=== What this task involves ===
When the listing below reaches the line that has "Rèm trẻ em 15.", start reproducing exactly; stop after the line that has "The 2026 Ram", and drop the pictures.

=== Dataset excerpts ===
=== Begin Enclosure ===

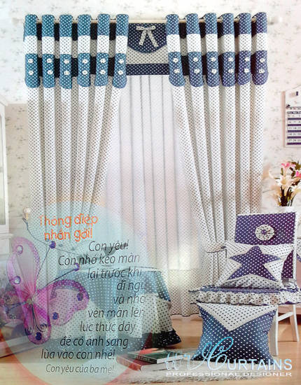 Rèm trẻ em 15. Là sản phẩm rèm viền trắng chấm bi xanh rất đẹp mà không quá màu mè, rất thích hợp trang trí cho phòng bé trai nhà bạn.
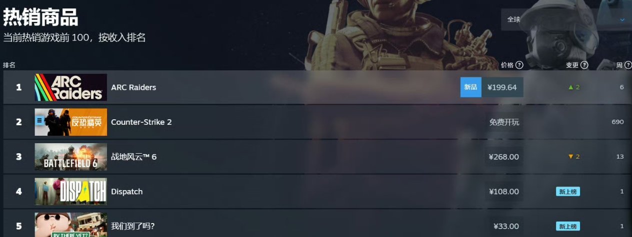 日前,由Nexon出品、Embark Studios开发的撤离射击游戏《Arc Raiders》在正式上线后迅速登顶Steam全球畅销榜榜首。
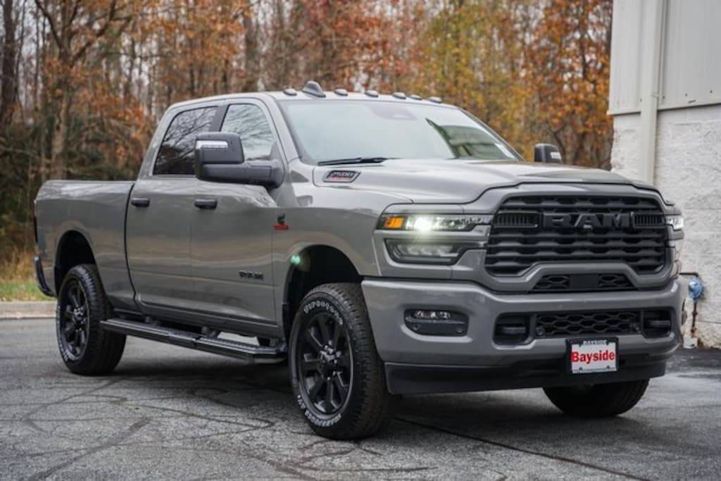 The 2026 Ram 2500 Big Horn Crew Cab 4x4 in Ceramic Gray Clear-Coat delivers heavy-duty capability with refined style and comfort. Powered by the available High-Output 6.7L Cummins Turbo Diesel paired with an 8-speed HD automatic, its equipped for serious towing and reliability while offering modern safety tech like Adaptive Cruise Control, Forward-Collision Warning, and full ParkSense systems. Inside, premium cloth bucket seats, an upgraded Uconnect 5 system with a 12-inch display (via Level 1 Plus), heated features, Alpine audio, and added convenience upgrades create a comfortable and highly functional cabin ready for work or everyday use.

=== End Enclosure ===
=== Begin Enclosure ===

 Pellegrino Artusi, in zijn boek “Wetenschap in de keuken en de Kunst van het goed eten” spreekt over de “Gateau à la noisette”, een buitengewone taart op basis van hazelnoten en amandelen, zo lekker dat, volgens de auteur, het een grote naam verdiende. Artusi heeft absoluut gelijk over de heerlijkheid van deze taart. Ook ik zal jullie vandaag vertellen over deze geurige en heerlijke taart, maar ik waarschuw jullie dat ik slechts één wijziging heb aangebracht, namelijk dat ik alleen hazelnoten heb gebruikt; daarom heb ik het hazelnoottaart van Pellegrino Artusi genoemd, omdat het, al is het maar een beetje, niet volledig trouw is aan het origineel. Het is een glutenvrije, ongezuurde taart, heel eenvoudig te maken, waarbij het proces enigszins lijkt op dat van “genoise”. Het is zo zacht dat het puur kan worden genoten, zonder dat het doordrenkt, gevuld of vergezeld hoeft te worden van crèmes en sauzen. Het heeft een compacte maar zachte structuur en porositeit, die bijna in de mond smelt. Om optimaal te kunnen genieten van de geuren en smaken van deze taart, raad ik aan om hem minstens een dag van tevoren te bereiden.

=== End Enclosure ===

=== Exercise response ===
 Rèm trẻ em 15. Là sản phẩm rèm viền trắng chấm bi xanh rất đẹp mà không quá màu mè, rất thích hợp trang trí cho phòng bé trai nhà bạn.
 日前,由Nexon出品、Embark Studios开发的撤离射击游戏《Arc Raiders》在正式上线后迅速登顶Steam全球畅销榜榜首。
 The 2026 Ram 2500 Big Horn Crew Cab 4x4 in Ceramic Gray Clear-Coat delivers heavy-duty capability with refined style and comfort. Powered by the available High-Output 6.7L Cummins Turbo Diesel paired with an 8-speed HD automatic, its equipped for serious towing and reliability while offering modern safety tech like Adaptive Cruise Control, Forward-Collision Warning, and full ParkSense systems. Inside, premium cloth bucket seats, an upgraded Uconnect 5 system with a 12-inch display (via Level 1 Plus), heated features, Alpine audio, and added convenience upgrades create a comfortable and highly functional cabin ready for work or everyday use.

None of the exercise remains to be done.